Он вывинтился из рук протопопа, запылил к ряженым. Они будто его и поджидали – градом-бусинами откатились к музыкантам, замерли сторожкой толпецой. Поотстав от них, улепётывал и мужик с девахой на шее. Остался лишь второй медведчик: испуганный, он натравливал огромного топтыгу на Аввакума.
Зверина в красном кафтане боярском, с деревянной саблей за синим кушаком, всплыл на дыбы, пошел на протопопа. Аввакум напрягся до звона, до гуда в мощном теле, набычился, левую ногу выставил вперед. Бросился на него медведь, растопыря лапы, готовый обнять, заломать в страшном давке, но изловченный Аввакум взмахнул кулаком, как кувалдой, и, гыкнув, обрушил его меж ушей на покатый лоб. Медведь осел задом на землю, обронил слюну и тихо, как поклонился, лег в ноги протопопу.
Жамкая саднящий кулак, стоял над ним протопоп, жалел о содеянном. Поднял глаза на хозяина-медведчика. Тот стоял с поводком в руке, кривил губы. Встретя взгляд Аввакума, мстительно сжал зубы, нехотя как-то навесил поводок на плечо, сплюнул и зашагал прочь. Народ, кучковавшийся поодаль, разбежался кто куда в страхе. Одни головёнки любопытных маячили поплавками из пристенного рва.
«Оле, оле! Зашиб бедного греха ради, – каялся Аввакум. – Да кто я? Пошто, раб мстивый, жизни лишил побирушку полюдного? Не по воле своей он за хлебушка кус трудничал, милой… Господи живота моего! Суди безумного меня, грешника Аввакумку!»

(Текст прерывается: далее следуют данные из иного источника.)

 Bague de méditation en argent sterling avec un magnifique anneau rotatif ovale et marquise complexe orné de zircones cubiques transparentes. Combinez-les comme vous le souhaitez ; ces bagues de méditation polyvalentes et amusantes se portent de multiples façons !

Медведь шевельнулся, перевалился набок. Полежал, стоная по-человечьи, поднялся на лапы. Его шатнуло. Он помотал башкой, глянул на поникшего протопопа карими, в болезной дымке, глазами, вздохнул и побрёл по следу родному к берёзовому колку, к Волге.
Утёр глаза Аввакум и в радость, всласть перетоптал раскиданный инструмент – дьявольскую музыку. И пошел было домой вдоль рва к верхним воротам, но обернулся на гвалт у ворот Волжских. От них к берегу темными катышками густо скатывались людские ватажки.

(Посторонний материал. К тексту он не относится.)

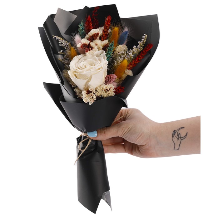 Kuru bitkiler ve solmayan özel renk gül ile tasarladığımız ''Mini Solmayan Gül buketi ile O'na yıllarca saklayabileceği bir hediye sunabilirsiniz. Tasarımda kullanılan malzemeler; 1 adet XL solmayan gül, kurutulmuş tatarika, chipso, renkli başak, ithal kuru bitkiler... Bakımı hakkında: Gerçek ekvator güllerinden elde edilen ''Solmayan Gül" herhangi bir bakıma ihtiyaç duymadan su, güneş ve direkt temastan uzak tutulduğu sürece yaklaşık 2 yıl canlılığını korumaktadır.

Прищурился протопоп, окинул хватким взглядом всё в солнечных высверках раздолье Волги, высмотрел один, второй и третий кораблик под белыми платочками-парусами. Правили они поперек реки к Юрьевцу.

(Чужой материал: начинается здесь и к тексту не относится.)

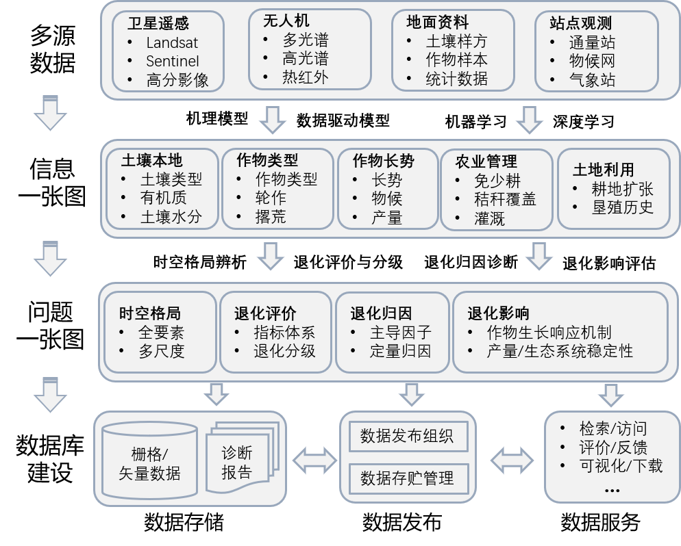针对我国东北黑土地数据资源分散存储、管理、服务,无法形成统一有效管理和共享服务合力的问题,课题拟在突破天空地一体化的多尺度黑土信息获取与多源感知技术的基础上,形成时空连续、物理特性一致的黑土信息一张图;建设黑土资源环境监测数据产品汇聚、存储、管理和共享平台;基于黑土地全要素数据库,构建黑土地资源分等定级指标体系、黑土地绿色农田标准指标体系,多尺度精确问诊土壤退化和农业生产等关键问题,形成黑土地问题诊断一张图。

«Кто-то важный жалует, – определил. – И не купцы. Очень уж блёстко на корабликах. Может, войско подможное из Москвы к воеводе Денису Максимычу плавет?»
И поспешил к берегу, к пристани. «Грамотка какая от государя будет. Али Никон что шлёт, – тешил себя, ускоряя шаг. – Або Стефан с Нероновым чем порадуют».